◎ 貓哆哩
你曾伴我共度春夏
◎ 貓哆哩

高二那年,校刊編輯部下發采訪任務,我和隔壁班的你被分為一組。我們融進商業街的人潮里,我負責攔下過路的行人,你則耐心地扛著攝像機站在我身后不遠的位置。
采訪結束時已近黃昏,我跟著你漫步街頭,最后選擇在一家24小時營業的便利店里整理材料。店里播放著輕音樂,沒多久,我便枕著紙張睡著了,恍恍惚惚醒來時,發現你的棒球衫搭在我的肩上。“睡夠了?”你的語氣里藏著不耐煩,可我卻從你為我披衣服的細節中看穿了你的刀子嘴豆腐心。
“反正現在往宿舍趕也來不及了,不如我們去看日出吧。”你帶著我走向長街盡頭,架好相機,尋了個最佳的觀景位置,江面上的水紋波瀾起伏,日光將茫茫的天際一點點染上溫暖的色調。趁微風拂面,我張開雙手立在初升的朝陽前,忽然聽見你喊我的名字:“潘西!”我正回頭時你迅速按下快門,在暖光的映襯下,你的笑容愈發明亮。
我央求你將日出時偷拍我的照片洗出來還給我,你卻總是搪塞說“下次下次”。也許彼時的我早該明白,我在乎的根本不是青春時代唯一一次熬過黑夜迎來日出的經歷,亦不是照片中的自己究竟留下了怎樣的模樣,而是我曾出現在你的鏡頭里,成為吸引你視線的中心。
我們的初識,發生在圖書館,我踮起腳費力地夠一本被放置在書案頂層的《傲慢與偏見》,卻不小心將頂層那排書都碰落,是我身旁的你以最快的速度抵達我身邊,伸出雙手替我擋住了險些砸到我的書。
我被突如其來的意外嚇得呆住,反應過來要替你檢查有沒有受傷時,你卻早已固執地起身:“不用了,我沒事。”臨走時,你將手臂縮進校服衣袖里,轉身留給我一個背影。
當我在《傲慢與偏見》中讀到“傲慢讓別人無法來愛我,偏見讓我無法去愛別人”時,忽然聯想到了那個總是口是心非的你。我不愿錯過任何關于你的消息,所以我知道,在那之后你忍著疼痛獨自去了醫務室包扎傷口。

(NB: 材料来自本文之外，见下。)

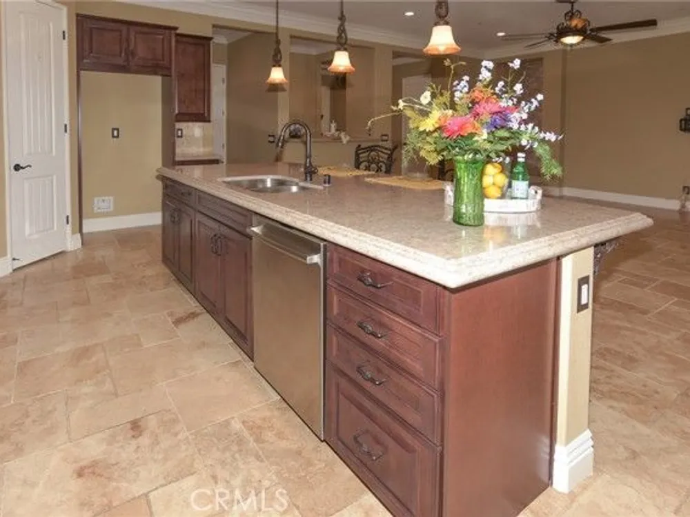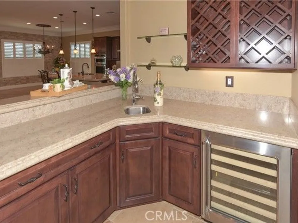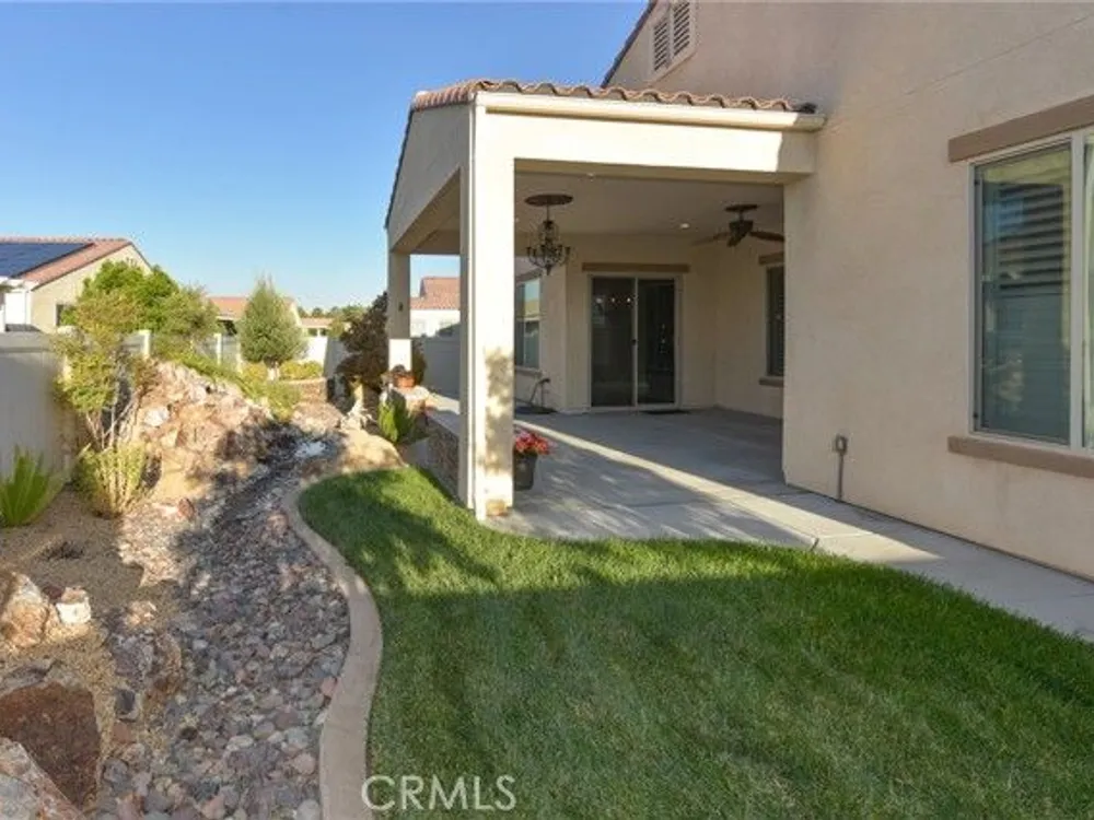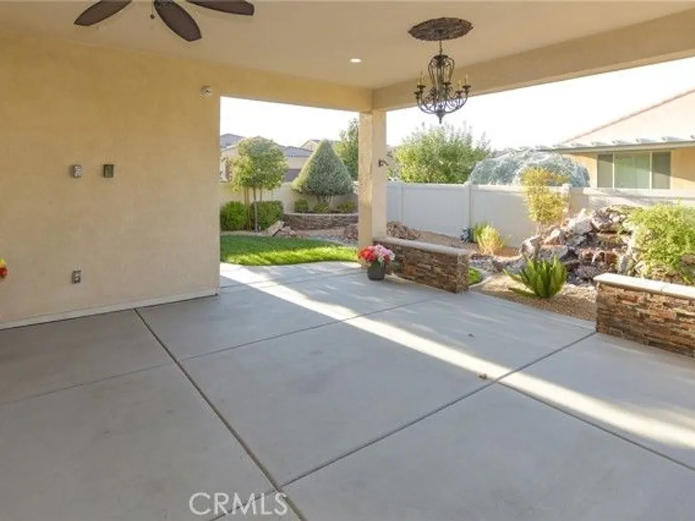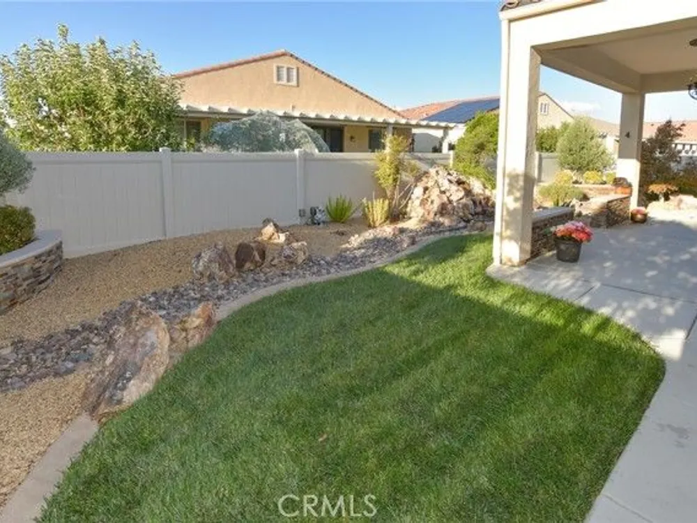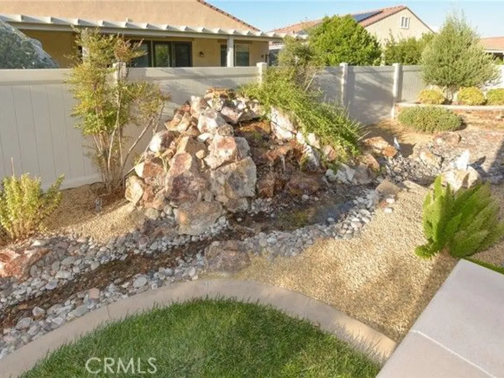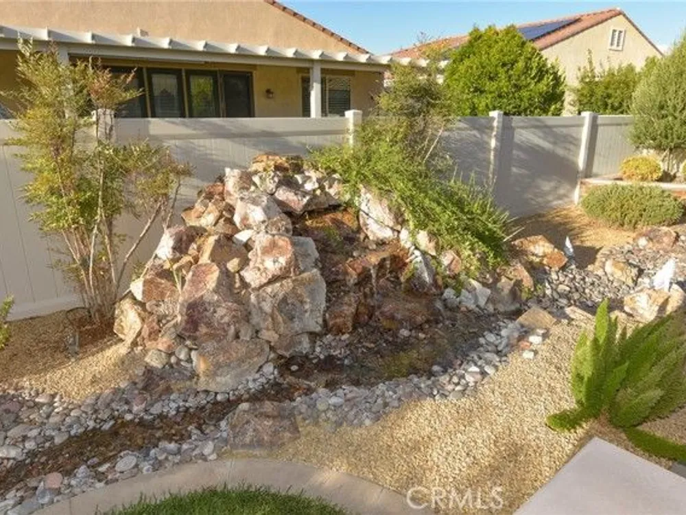 Where Elegance Meets Intention in Sun City Step into a home where every detail has been intentionally elevated and crafted for both refined living and energy-smart comfort. Located in the prestigious Del Webb Sun City community of Apple Valley, this residence offers a rare blend of timeless design, thoughtful upgrades, and exceptional construction. Inside, you’ll find soaring 10-foot ceilings, 8-foot doors, rich travertine flooring, and elegant crown molding and baseboards throughout. Triple-stacked quartz countertops make a stunning statement in the kitchen, where a sleek backsplash with hidden outlets adds seamless style. A built in wet bar and coffee station, add both charm and convenience, making entertaining, and morning rituals, a breeze. Two stacked rock accent walls, one in the dining area and another at the hallway’s end, bring depth, texture, and designer detail. The spacious primary suite features a cedar-lined closet and a hidden drop-down ironing board, blending luxury with convenience. The low-threshold shower and patio doors, offer effortless accessibility, beautifully integrated for anyone using a walker or wheelchair. Beyond aesthetics, this home was designed for long-term comfort. A full energy efficiency package includes upgraded HVAC, a high-efficiency tankless water heater, enhanced wall and ceiling insulation, and a fully insulated garage, expanded by 10 feet and finished with built-in cabinets for smart storage. The back patio has also been extended an additional 10 feet, creating an ideal space for entertaining or quiet morning coffee. Ceiling fans and upgraded lighting fixtures are thoughtfully placed throughout, while security cameras offer peace of mind. And just beyond the doors, your private backyard sanctuary awaits, with a soothing waterfall feature that melts the stress of the day away. Every inch of this home reflects care, craftsmanship, and comfort. For those who appreciate beauty, intention, and enduring elegance, this is a must-see.

高三那年800米體測,槍聲響起后,我的心跳不斷加速,還沒跑完一圈便已沒了力氣。沒想到你會忽然出現在操場,并朝著我的方向跑來:“潘西,加油!”我有些受寵若驚,你在到達我身邊的位置時調整了速度與我保持一致。我在里圈你在外圈,望向你的一瞬間,我覺得對我來說仿佛沒有盡頭的終點忽然近在眼前。
那是我第一次在規定時間內跑完了800米。我想要道謝時你卻擺擺手轉過身,我注意到你的臉色不太好,后來我才知道,那時的你剛跑完1000米體測,本已筋疲力盡,卻還是固執地陪我跑完了800米的后半程。
高考前一周,我們并肩坐在籃球場邊,夕陽落下,我身邊的少年有最美好的側臉。“你以后想遠離這里嗎?”我的聲音幾乎淹沒在場上哄搶籃球的嘈雜聲中,盯著籃球的你停頓了片刻才開口:“那你呢,你想嗎?”我轉過頭,發現你的視線轉向我,我忽然緊張起來:“我想去遠方看更多沒看過的景色。”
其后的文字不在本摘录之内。